Nothing on that page says that pyrantels are effective against lice. It says on the chart that the drugs denoted by the _d _are effective against lice and the only group marked with that _d_ is the avermectinswhich are ivermectin and moxidectin.

Sorry, but I do remember my pharmacology and parasitology lessons. Pyrantel is not effective against lice.:wink:

"Pediculosis (Lice)
Lice are wingless, flattened insects that are ectoparasites of mammals worldwide. They constitute two orders: Anoplura (sucking lice, blood feeders) and Mallophaga (biting lice).
Two species of lice affect horses: Damalina equi a biting louse that feeds on skin and hair, and Haematopinus asini a sucking louse that pierces skin and sucks blood and tissue fluids. Infestations are common.
The life cycle is completed on the host and transmission is mainly by direct contact.
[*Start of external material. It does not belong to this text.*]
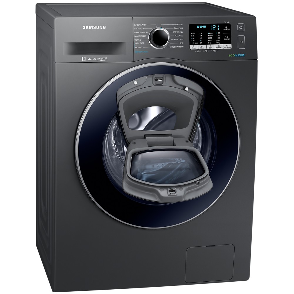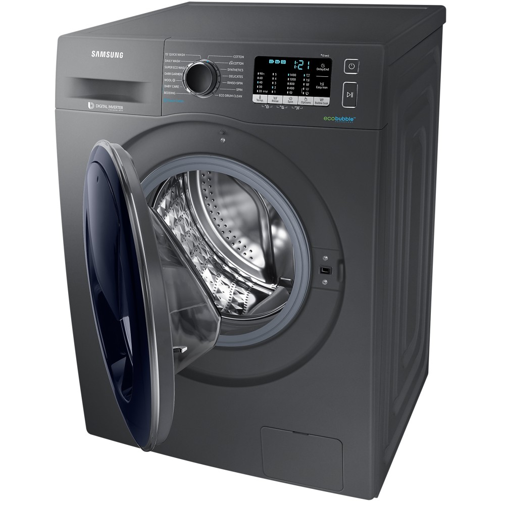 - قابلیت Steam برای شستشو با بخار دارای دیگ الماسه Diamond Drum صفحه نمایش بزرگ از نوع LED محفظه مواد شوینده با ویژگی StayClean Drawer جهت شستشوی خودکار داخل محفظه و جلوگیری از به جا ماندن مواد شوینده در آن دارای لوله هیتر سرامیکی (Ceramic Heater) برای جلوگیری از تشکیل رسوبات در اطراف لوله و افزایش طول عمر ماشین لباسشویی تکنولوژی Hygiene Steam برای شستشوی کاملا بهداشتی و از بین بردن باکتری ها و ذرات آلرژی زا تا 99.9% به کمک بخار استفاده از آب سرد بعنوان ورودی تضمین عملکرد و کارایی موتور دیجیتال اینورتر (Digital Inverter) تا 10 سال توسط سامسونگ دارای موتور (دیجیتال اینورتر) Digital inverter با طول عمر بالا و صرفه جویی در مصرف انرژی و زمان هنگام شستشو سرعت چرخش 1400 دور در دقیقه (1400 rpm) تکنولوژی Ecobubble (Eco Bubble) برای ایجاد حباب و تمیز کردن موثرتر و محافظت از لباس ها با دمای پایین آب پشتیبانی از برنامه SAMSUNG Smart Washer برای عیب یابی هوشمند ماشین لباسشویی از طریق موبایل (مخصوص موبایل های اندرویدی و iOS)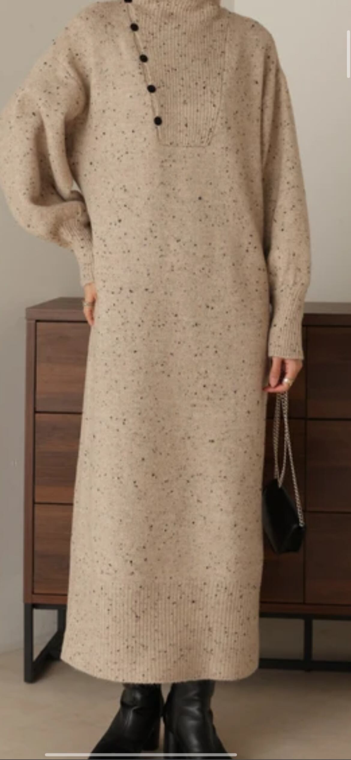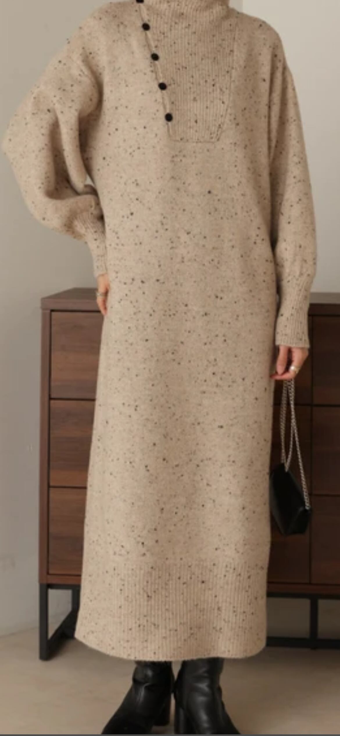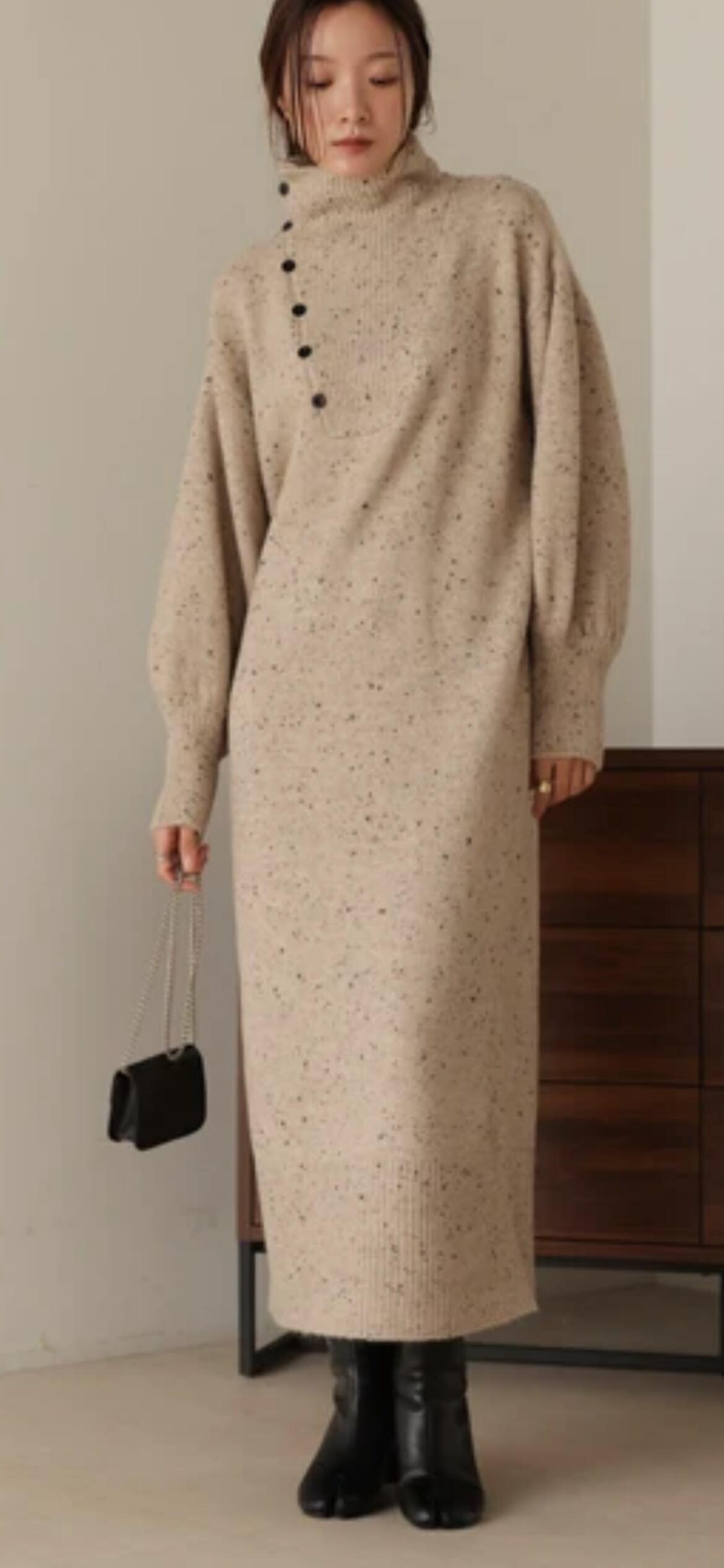 ポコポコのネップがチョコチップのように浮き出る可愛らしいワンピースが登場!体のラインを拾いすぎないストレートシルエットが魅力的です。アクセントになる首元のボタンを全て留めると、知的な印象のタートルネックで締め付け感がありません。上から2つほどはずして襟を出せば、抜け感が出てで着ぶくれ防止にもなります。トレンドのサムホール付きの袖と足首まですっぽり被さるロング丈で、寒い日にもしっかり暖かくしてお出掛けできます。小柄さんにも嬉しいSサイズもご用意致しました。

Infections are more severe in the late winter and early spring.
The skin irritation results in itching manifested by rubbing, biting and kicking. The coat may be roughened with loss of hair and there may be secondary bacterial infection. In heavy infestations individuals become anemic and lose weight and condition.
*Diagnosis*

This is based upon finding eggs or lice. The latter are 2 - 4 mm in size and thus can be readily seen when hair is parted.
Biting lice are more active than sucking lice.
*Treatment*

Dipping or spraying with insecticide solutions; two treatments two weeks apart are recommended. Ivermectin is effective against sucking lice but not biting lice.
Frequent and thorough grooming is helpful in controlling pediculosis."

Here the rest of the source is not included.